Originally I was going to add a second new module type, but by now I was starting to realize that game design is actually kind of difficult and decided to call it a day. In any case, the goal was to explore RL’s potential for game development. With just a few days’ work (and several GPU-weeks of compute) I was able to create and validate a much more complex version of CodeCraft. In the process, my AIs taught me about many unanticipated tactics and interactions of different game mechanics that would have been difficult to predict and laborious to discover. Game design will remain hard for the foreseeable future, but methods like the one demonstrated here are going to enable much faster iteration cycles that quickly surface imbalances and other issues and ultimately allow for the creation of compelling and balanced games with unprecedented levels of strategic depth.

Emerging Possibilities

If current trends are to continue, hardware and engineering costs will soon cease to be a major obstacle to applying machine learning methods to video games. The question remains, will these techniques actually help us create better games? And in what ways can we expect game development to change? There is still much uncertainty around when and how to use these techniques​30​ and fit them into existing workflows​31​. Likely, much of this friction is caused by the fact that decades of experience have gone into optimizing existing game archetypes and practices around the strength and weaknesses of classical AI. While the optimal ways of creating games that take full advantage of deep RL are going to take much time and effort to discover, we can already speculate about the myriads of potential applications that are now on the horizon.

AI Opponents

Many of the world’s most popular games rely on a competitive multiplayer mode that matches players with intelligent opponents of similar strength that can keep each other challenged and engaged for hundreds of hours. But only few games can sustain a sufficiently large player-base, and as the number of participants dwindles the game starts to suffer from long wait times, poor matchmaking, and eventually dies. Even for popular games, multiplayer brings its own challenges of engineering and infrastructure complexity, and cheating. Multiplayer also simply doesn’t work well with many game mechanics such as highly asymmetric game-play or long matches.

The possibility of easily creating a large pool of challenging and varied AI opponents promises the best of both worlds, eliminating wait times, allowing for fine-grained adjustment of difficulty, and enabling a larger variety of customizable game modes that could even include all past versions of the game long after the community has moved on. The poor quality of AIs is one of the most common complaints about mainstays such as the Civilization series, and better ways of creating compelling AIs will greatly enhance many single-player and cooperative games​32​. RL could also be used as a form of automatic content creation that significantly reduces the effort required to fill a game world with large swaths of unique and interesting non-player characters.

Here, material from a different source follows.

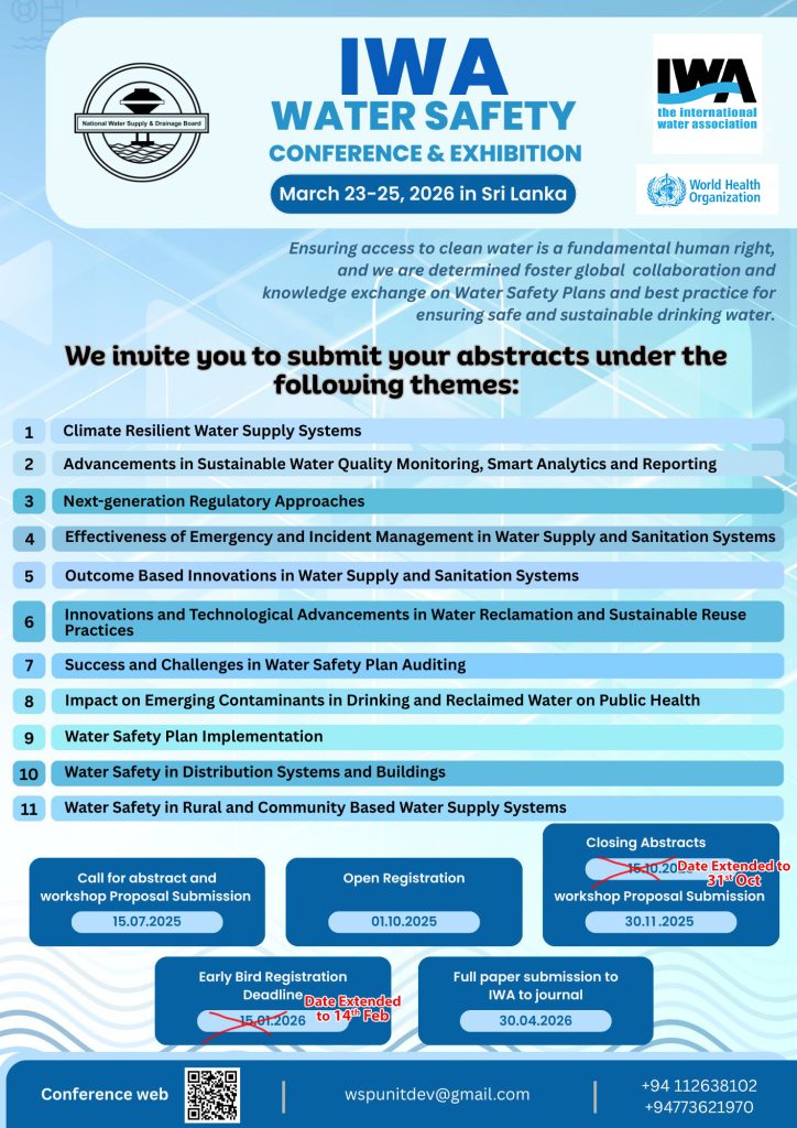 The National Water Supply and Drainage Board proudly invites you to the 2026 IWA International Water Safety Conference and Exhibition.

Indeed, that is the premise of Source of Madness, a rogue-lite that uses AI to animate millions of different procedurally generated enemies.

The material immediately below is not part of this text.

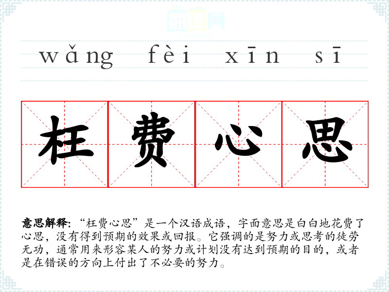 “枉费心思”是一个汉语成语,字面意思是白白地花费了心思,没有得到预期的效果或回报。它强调的是努力或思考的徒劳无功,通常用来形容某人的努力或计划没有达到预期的目的,或者是在错误的方向上付出了不必要的努力。

Can AI ever truly replace human opponents, or is there something special about playing against a real person that makes games feel inherently more meaningful? The popularity of online chess and reactions to Fortnite to stuffing lobbies with bots suggest that humanity is not in any danger of being replaced anytime soon. Still, compared to hard-coded rules or classical AI, neural network agents seem to have a more natural “feel” to them and enable a broader space of possibilities. This new generation of AIs, capable of making intelligent decisions that can surprise the player, and perhaps imbued with distinctive character and playstyles, will certainly close the gap to real humans and may become increasingly difficult to distinguish​33​.

Automated Playtesting

Extensions to competitive games such as StarCraft II and Hearthstone go through many months of extensive design and playtesting to add new game mechanics in a balanced way. In addition to being costly and time-consuming, this process more often than not fails to produce the desired result, necessitating hot patches to restore balance, and on occasion introducing deep flaws that cause unfun strategies to dominate and ruin the metagame for months to come. Far from being an indictment of the abilities of game designers, this is an unavoidable consequence of the fact that any game that is complex enough to be interesting is necessarily difficult to reason about.

RL systems that explore millions of sequences in parallel and quickly home in on optimal strategies that would otherwise only be discovered after many weeks of experimentation by a large playerbase offer a way out of this quandary. Game developers will be able to observe the ultimate consequences of different design choices within hours or even minutes. As demonstrated in the previous section, such rapid experimentation allows for creating more complex and balanced games with a fraction of the time and effort required today. Automated playtesting is actively researched​34,35​, and its applications to game design have previously been explored in the context of chess​36​, the Chimera card game​37​, and the 0-AD real-time strategy game​38​. Already, and Unity are building commercial products for automating playtesting and the creation of AI opponents.

Computational Creativity

A somewhat different area of AI with emerging applications for games is the fascinating field of computational creativity​39​. Steerable generative models like DALL-E​40,41​ may significantly reduce the cost of creating game assets or generate context-appropriate music on the fly​42​. Beyond creating individual assets, ML can be used to amplify the abilities of level designers by partially automating the placement of objects based on examples​43​, automatically generate challenging yet solvable levels from scratch​44,45​, populate landscapes in Minecraft with settlements​46​, and process large-scale datasets to create 3D models of the entire Earth​47​.

Your Buddy, the AI

Many games have repetitive aspects that quickly become boring, and particularly strategy games have a tendency to accumulate complexity over the course of a playthrough that eventually results in the player spending most of their time on tedious micromanagement where each individual action has negligible impact on the game. More intelligent AIs could make it possible to delegate the grind, allowing the player to move up through several abstraction layers over the course of a game and remain focused on impactful strategic decisions without being bogged down by minutia. For example, one might imagine a 4X game where you start out by micromanaging individual villagers, but as time progresses you delegate management of first individual cities and then whole provinces to intelligent AI governors. Eventually, you only set the high-level policy objectives for your sprawling empire, which are then faithfully adapted by a large administration composed of dozens of AIs. Or, perhaps, not so faithfully, as corrupt AI governors are also pursuing divergent objectives for their own personal gain.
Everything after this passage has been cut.